Working directly with providers and administrators in different health care settings allows researchers to understand how contextual factors and structural constraints affect implementation.
“We’ve learned from researchers working in emergency departments, for example, that it’s difficult to bill for intervention components like safety planning and follow-up phone calls,” said Pearson. “That can pose a real problem when the interventions are key ingredients that help reduce people’s risk.”
This kind of work also underscores that successful implementation isn’t a one-time thing, but a continuous effort that is reinforced over time. For example, an extension of the ED-SAFE study suggests that quality improvement processes that promote ongoing training and monitoring can help sustain the effects of suicide prevention efforts.
Bending the curve
Soon after assuming the helm as NIMH Director in 2016, Dr. Gordon wrote about his commitment to suicide prevention as one of the institute’s top research priorities. He noted that building on promising findings from ED-SAFE and other NIMH-supported studies would give us “a chance to bend the curve on suicide rates, to save the lives of thousands of individuals.”
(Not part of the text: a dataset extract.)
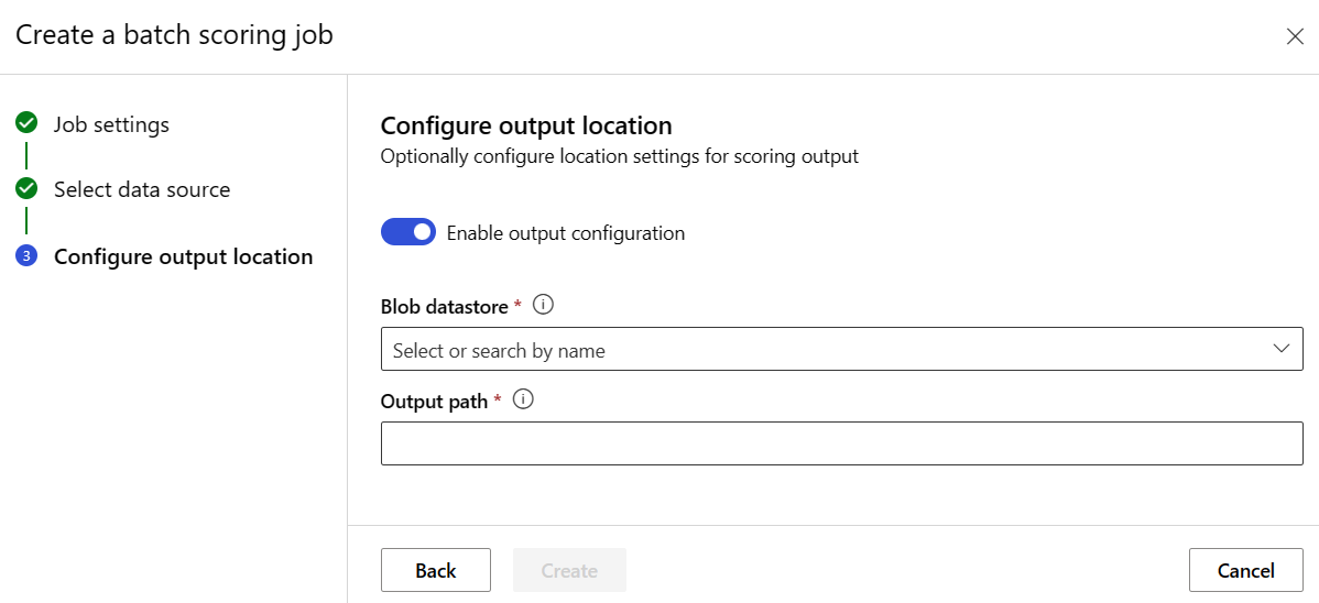 一意の出力場所を使用する必要があります。 出力ファイルが存在する場合、バッチ スコアリング ジョブは失敗します。

No one knew then that the coronavirus pandemic would upend life around the world just 3 years later, changing the landscape of mental health and mental health care in the process. Although it will take time to unpack the nuances of the pandemic’s long-term impacts, data point to wide-ranging effects on people’s mental health, including increased suicide risk for some.
“This is why research on suicide prevention in real-world settings is more important than ever,” said Pearson. “We’ve learned a lot since 2016, and a lot of the implementation work is just beginning. We hope this research will speed the translation of science into practice to help save lives.”